In her newly released memoir, 107 Days, former Vice President Kamala Harris offers a behind-the-scenes look at the selection of Minnesota Governor Tim Walz as her 2024 running mate.
The book, which chronicles the arc of what became the shortest presidential campaign in modern history, pulls back the curtain on her thinking as she weighed her choices—and, ultimately, why she decided Walz was the safest political companion.
The selection process, as Harris describes it, was narrowed to three figures: Pennsylvania Governor Josh Shapiro, Arizona Senator Mark Kelly, and Walz. Each candidate embodied different strengths, but Harris makes clear that personality and posture toward the vice presidency mattered most to her decision.
Shapiro, she admits, was polished, poised, and persuasive. But Harris questioned whether his evident ambition would cause friction in a partnership where loyalty is paramount.
She recounts bluntly telling him that a vice president is “not a copresident” after he pressed to be “in the room for every decision.” That insistence, she writes, raised doubts about whether he could truly embrace a secondary role.

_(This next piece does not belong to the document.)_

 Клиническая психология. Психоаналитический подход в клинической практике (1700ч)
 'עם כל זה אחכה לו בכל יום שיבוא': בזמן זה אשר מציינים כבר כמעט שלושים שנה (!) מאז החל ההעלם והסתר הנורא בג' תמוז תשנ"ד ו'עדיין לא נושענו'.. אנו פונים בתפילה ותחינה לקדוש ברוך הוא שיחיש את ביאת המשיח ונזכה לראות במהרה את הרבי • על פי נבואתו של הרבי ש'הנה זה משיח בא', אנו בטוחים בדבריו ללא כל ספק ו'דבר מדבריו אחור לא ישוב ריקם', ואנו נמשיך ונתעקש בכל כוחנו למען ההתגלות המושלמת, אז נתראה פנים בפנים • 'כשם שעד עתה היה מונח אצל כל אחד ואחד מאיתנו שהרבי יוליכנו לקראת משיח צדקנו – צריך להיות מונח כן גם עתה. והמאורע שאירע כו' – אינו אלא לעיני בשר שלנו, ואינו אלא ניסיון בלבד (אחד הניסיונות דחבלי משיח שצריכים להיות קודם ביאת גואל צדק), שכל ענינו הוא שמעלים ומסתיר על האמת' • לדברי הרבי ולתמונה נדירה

Kelly, by contrast, was less about ambition and more about vulnerability. Harris questioned whether a former astronaut and decorated naval captain, used to deference, could adapt to the rough-and-tumble of national politics—particularly in a bruising campaign against Donald Trump. Could a man who had earned respect his entire career weather a strategy aimed at cutting him down? Harris concluded the risk was high.

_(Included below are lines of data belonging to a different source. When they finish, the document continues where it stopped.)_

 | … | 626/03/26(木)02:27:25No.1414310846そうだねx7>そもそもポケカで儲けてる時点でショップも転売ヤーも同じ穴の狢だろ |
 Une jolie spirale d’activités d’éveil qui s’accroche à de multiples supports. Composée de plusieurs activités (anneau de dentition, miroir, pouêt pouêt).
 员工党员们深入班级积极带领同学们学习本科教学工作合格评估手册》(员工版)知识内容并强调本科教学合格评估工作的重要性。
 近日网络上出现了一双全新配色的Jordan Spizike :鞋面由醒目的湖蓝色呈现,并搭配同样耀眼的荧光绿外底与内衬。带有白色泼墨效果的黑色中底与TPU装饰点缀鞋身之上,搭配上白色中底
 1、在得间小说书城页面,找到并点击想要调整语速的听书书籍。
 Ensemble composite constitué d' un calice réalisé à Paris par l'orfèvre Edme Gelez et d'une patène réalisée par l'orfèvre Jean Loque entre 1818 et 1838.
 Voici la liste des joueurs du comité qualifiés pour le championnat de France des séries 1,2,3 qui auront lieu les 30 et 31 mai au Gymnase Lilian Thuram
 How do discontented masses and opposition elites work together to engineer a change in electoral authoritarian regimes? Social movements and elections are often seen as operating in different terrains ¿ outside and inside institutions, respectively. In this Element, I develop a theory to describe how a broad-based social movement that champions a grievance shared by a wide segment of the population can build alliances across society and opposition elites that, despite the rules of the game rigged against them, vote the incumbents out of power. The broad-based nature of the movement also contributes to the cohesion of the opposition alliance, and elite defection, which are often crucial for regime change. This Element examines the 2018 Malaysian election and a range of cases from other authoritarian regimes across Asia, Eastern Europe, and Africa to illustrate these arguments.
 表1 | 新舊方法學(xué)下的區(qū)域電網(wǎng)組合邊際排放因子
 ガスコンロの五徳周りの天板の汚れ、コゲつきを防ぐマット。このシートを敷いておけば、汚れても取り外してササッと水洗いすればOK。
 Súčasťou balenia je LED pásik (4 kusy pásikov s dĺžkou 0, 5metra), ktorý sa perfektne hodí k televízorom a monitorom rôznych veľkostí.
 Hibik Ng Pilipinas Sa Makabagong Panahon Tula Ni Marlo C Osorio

Enter Walz. From the first words out of his mouth, Harris describes a man who seemed to doubt his own prospects. “‘Whether or not you pick me, I’m going to do everything I can to get you elected,’” he told her. He admitted weaknesses without hesitation—“I’m not a good debater,” “I’ve never used a teleprompter”—and, in Harris’ telling, displayed a rare kind of authenticity.

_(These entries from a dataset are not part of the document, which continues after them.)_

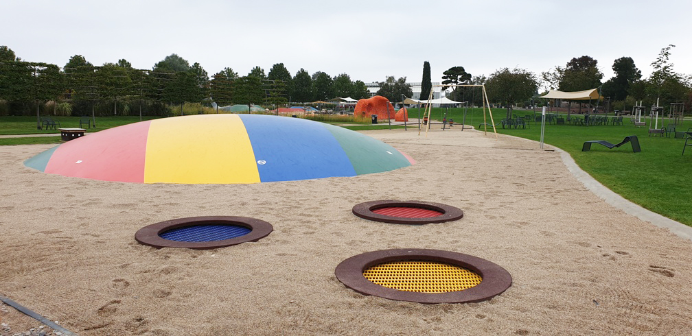 Dalším aspektem při výběru prvků na hřiště by měla být barevnost. Nejmenší děti reagují na zářivé barvy a tradiční dřevěné hřiště pro ně může být tak trochu nuda. To na hřišti se vzduchovými trampolínami nebo hopsacími balóny nehrozí. Tyto prvky svítí do dálky jasnými barvami, které nevyblednou ani na slunci, a na rozdíl od dřevěných prvků je není potřeba natírat. Nejmenší děti tak zaujmete na první pohled a vytvoříte netradiční hřiště, třeba v barvách obce nebo firmy.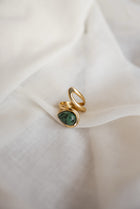 • The Golden Okana Ring brings a touch of bold serenity to your hand. Designed with a teardrop-shaped green stone set in a golden stainless steel band, this adjustable piece blends natural charm with modern shine. Wear it solo or stacked — either way, it stands out.
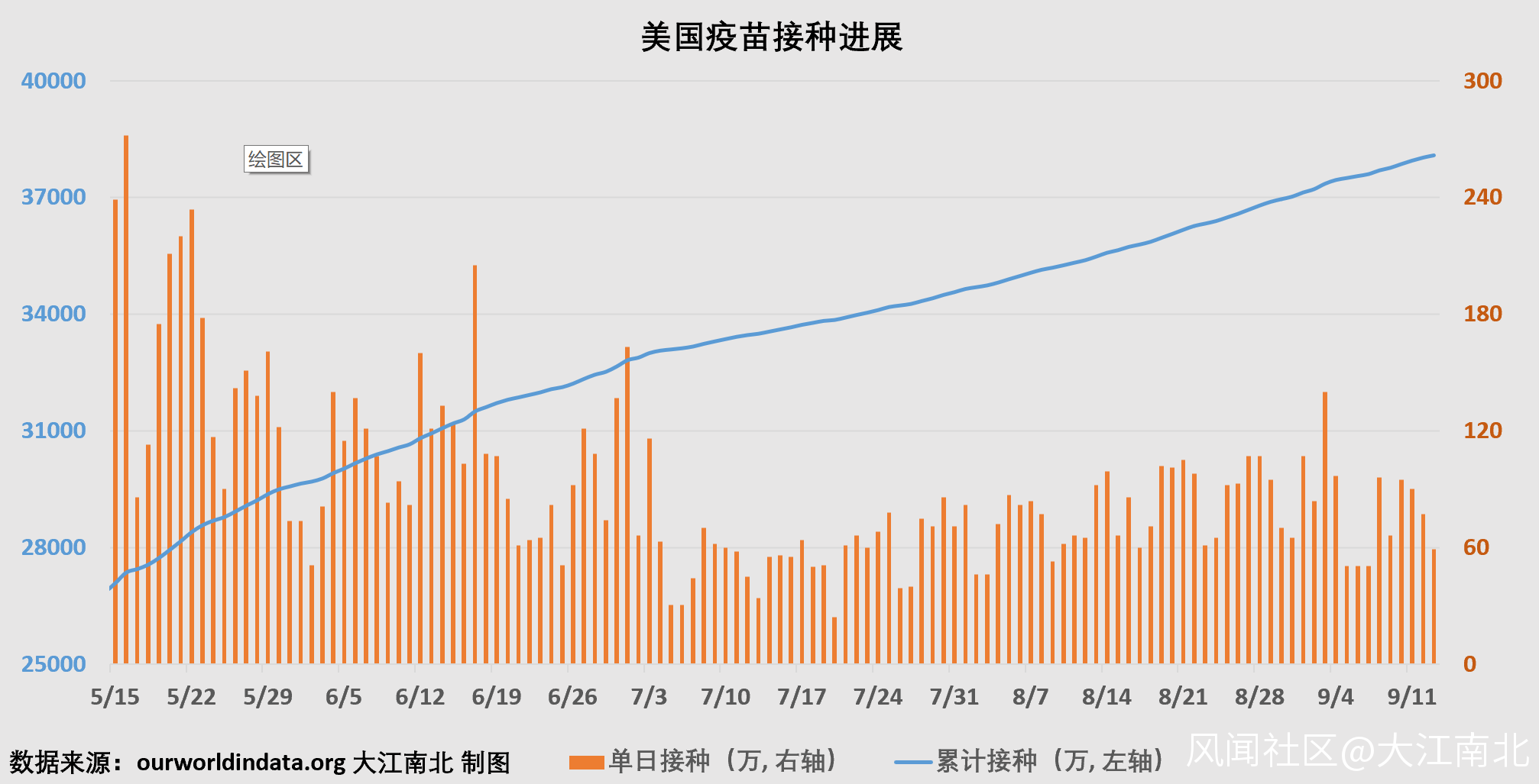 截止2021年9月13日,美國累計接種3.8083億劑,居全球第三位,其中單日新增接種59萬劑,創8月3日以來新低。美國至少接種一劑的人羣佔比為62.4%;完成接種的人羣佔比為53.2%。美國每百人累計接種113.23劑,比中國低39.24**,是中國的74.3%****。**

Unlike Shapiro, Walz had no grand vision of the vice presidency, no hidden ambition to ascend. His willingness to take direction, Harris writes, made him appealing.
She portrays Walz as rooted, humble, and focused on service rather than stature. To her, this guaranteed loyalty. “Every day as president I’ll have ninety-nine problems,” she recalls saying, “and my VP can’t be one.”